Ich möchte hiermit formal den Beginn meines "Urlaubs" in Finnland ankündigen. Er beginnt am 4.8. um 6:30 Uhr und endet voraussichtlich am 19.8 gegen mittag.
Urvater aller Gutmenschen
Im folgenden möchte ich darlegen, warum ich ihn mir verdient habe: In den vergangenen Tagen, ja Wochen (*hust*) habe ich mich mit einer Staatsexamensarbeit beschäftigt, deren Korrektur ich die fromme Schwachheit hatte zu versprechen. Vermutlich um mich vor Bildungsbürgerinnen und ihren Töchtern angenehm zu machen. Das ist meine dritte Korrektur einer Staatsexamensarbeit insgesamt, aber diesmal war alles sehr nervenaufreibend. 
Dieses Drama aus dem 18.Jahrhundert, um das es in der Arbeit ging, und natürlich wissen bereits jetzt alle meine Leser, um welches es sich handelte, ist das Urei aus dem alle Gutmenschen gekrochen sind. Rege weisen Sie mit glasigen Augen auf dieses deistische Machwerk der Gleichmacherei. 
Ich polierte also diese Arbeit bis sie glänzte wie ein Opal, der hundert schöne Farben spielte. Aber mit Germanisten zu diskutieren ist ja wie mit jerusalemer Juden zu schachern. Diese in den Geisteswissenschaften üblichen endlosen Redundanzen: "In meiner Arbeit geht es....", " im Zentrum meiner Arbeit steht", "Zentraler Punkt meiner Arbeit ist"! Da wird man als Naturwissenschaftler einfach wahnsinnig. Warum soll ich auf Seite 137 wiederholen, was ganz klar schon auf Seite 16 steht!
Franz von Leydig, 1821-1908


Stellt euch vor, man muss mit diesen Menschen darüber diskutieren, das eine Fußnote wie "Sophokles (2001)" sinnfrei ist. Die finden ernsthaft, das der Hinweis auf die Erstaufführung von Antigone im Jahre 442 v.Chr. irgendwie komisch ist und gar nicht geht. 

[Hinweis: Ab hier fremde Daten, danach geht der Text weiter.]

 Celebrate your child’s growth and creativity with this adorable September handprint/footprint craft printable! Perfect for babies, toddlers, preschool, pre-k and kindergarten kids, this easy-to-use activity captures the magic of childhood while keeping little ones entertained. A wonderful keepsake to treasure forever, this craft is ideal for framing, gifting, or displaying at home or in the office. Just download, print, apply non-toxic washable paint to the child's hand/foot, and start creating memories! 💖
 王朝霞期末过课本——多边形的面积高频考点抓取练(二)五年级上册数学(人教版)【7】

Ich war bei meiner Promotion stolz darauf (und bin es immer noch) das die älteste Quelle aus dem Jahr 1850 stammte. Ich habe mir weiland in Göttingen einen ganzen Nachmittag Zeit genommen sie in der Otto-Hahn-Bibliothek am Faßberg im Original zu studieren. Der Bibliotekar holte sie mit weißen Handschuhen aus dem Panzerschrank der Schatzkammer! 
Franz von Leydig: Zur Anatomie der männlichen Analdrüsen der Säugetiere. Zeitschrift für wissenschaftliche Zoologie. 1850. Band 2, Seite 1-57! Germanisten hören jetzt wahrscheinlich nur ANAL! 

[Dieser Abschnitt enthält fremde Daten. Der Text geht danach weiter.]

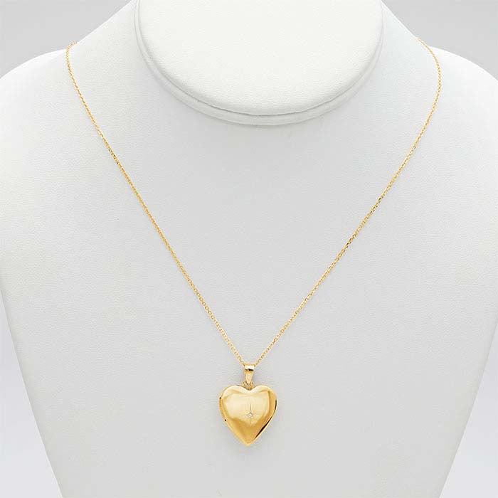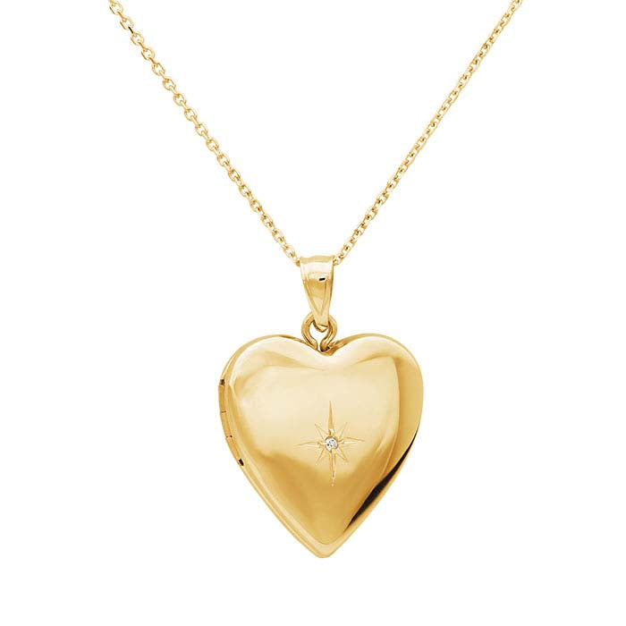 Αυτό το κολιέ από κίτρινο χρυσό 14 καρατίων διαθέτει μενταγιόν καρδιάς 27,8 x 19,2 χιλιοστά με αστέρι στο κέντρο και είναι διακοσμημένο με ένα στρογγυλό λευκό διαμάντι 0,005 καρατίων (καθαρότητα I1/χρώμα G-H) σε αλυσίδα καλωδίου 1,1 χιλιοστών. Το πιο κοινό στυλ αλυσίδας, οι αλυσίδες καλωδίου σχηματίζονται απλά συνδέοντας μονά συνδετικά κάθετα το ένα στο άλλο. Τα συνδετικά μπορεί να είναι στρογγυλά, οβάλ ή άλλων σχημάτων.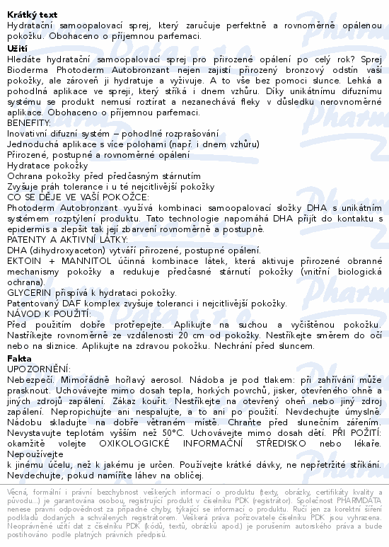 Hydratační samoopalovací sprej, který zaručuje perfektně a rovnoměrně opálenou pokožku. Obohaceno o příjemnou parfemaci.

In gleichsam mäeutischer Gesprächsführung wurde der Authorin also jede Änderung am Text abgerungen. Und diese Bildungshuberei durch den inflationären Gebrauch von  Fremd- und Lehnwörtern! Der nächste logische Schritt ist wohl die Verwendung von Akronymen wie LOL und ROFL. Freunde, die deutsche Sprache ist auf den Hund gekommen, wenn selbst Germanisten sie auf Orwells Altar der totalitären Neusprech-Nazis opfern. 
Irgendwann klingelte es mir nur noch in den Ohren und ich wollte dem/der Urheber/in (fundamental-feministischer Einfluß ist den dschihadistischen Geisteswissenschaftlern ja nicht fremd) in den Worten des Braunschweigers, die er dem großen Kurden Ṣalāḥ ad-Dīn Yūsuf ibn Ayyūb in den Mund legte, zurufen: "Ich hör, ich höre! – Komm mit deinem Märchen Nur bald zu Ende. – Wird's?"

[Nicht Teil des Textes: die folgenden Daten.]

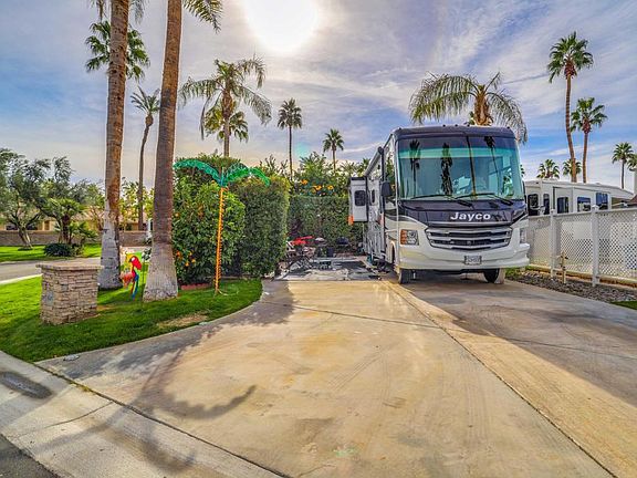 Privacy is important and this lot has it. Nice corner lot with mature hedges. that offer complete privacy. This listing is for the lot only. The location is great, and it is very close to the entrance for easy egress & ingress, the La Palma Clubhouse, Fitness Center, Restaurant & Convenience store.Outdoor Resorts Palm Springs is a Five Star RV Resort Community combining luxury with affordability. It is a guard gated resort that sits on 137 beautifully landscaped acres with 27 holes of executive golf, 10 tennis courts, 13 pickleball courts, 8 swimming pools, a fully equipped fitness center, espresso bar, sports bar, beauty salon/barber shop, full-service restaurant, convenience store, 2 club houses, activities, special events and so much more.

Die Anmaßung dieses hinterwäldlerischen Sachsen Ṣalāḥ ad-Dīn zu bevormunden. Man möchte ihm mit den Schlußworten der wunderbaren BBC-Dokumentation "Saladin and Richard Lionhard" zurufen:

Putting aside sins. If anyone could give Saladins noble qualities to King Richard and his to Saladin then the whole world could not furnish two such princes.

Andererseits, wie ein zeitgenössischer irischer Barde so treffend dichtete:

There is only greed and evil in the men who fight today. The song of the Crusader has long since gone away.
 In diesem Sinne: Jerusalem is lost!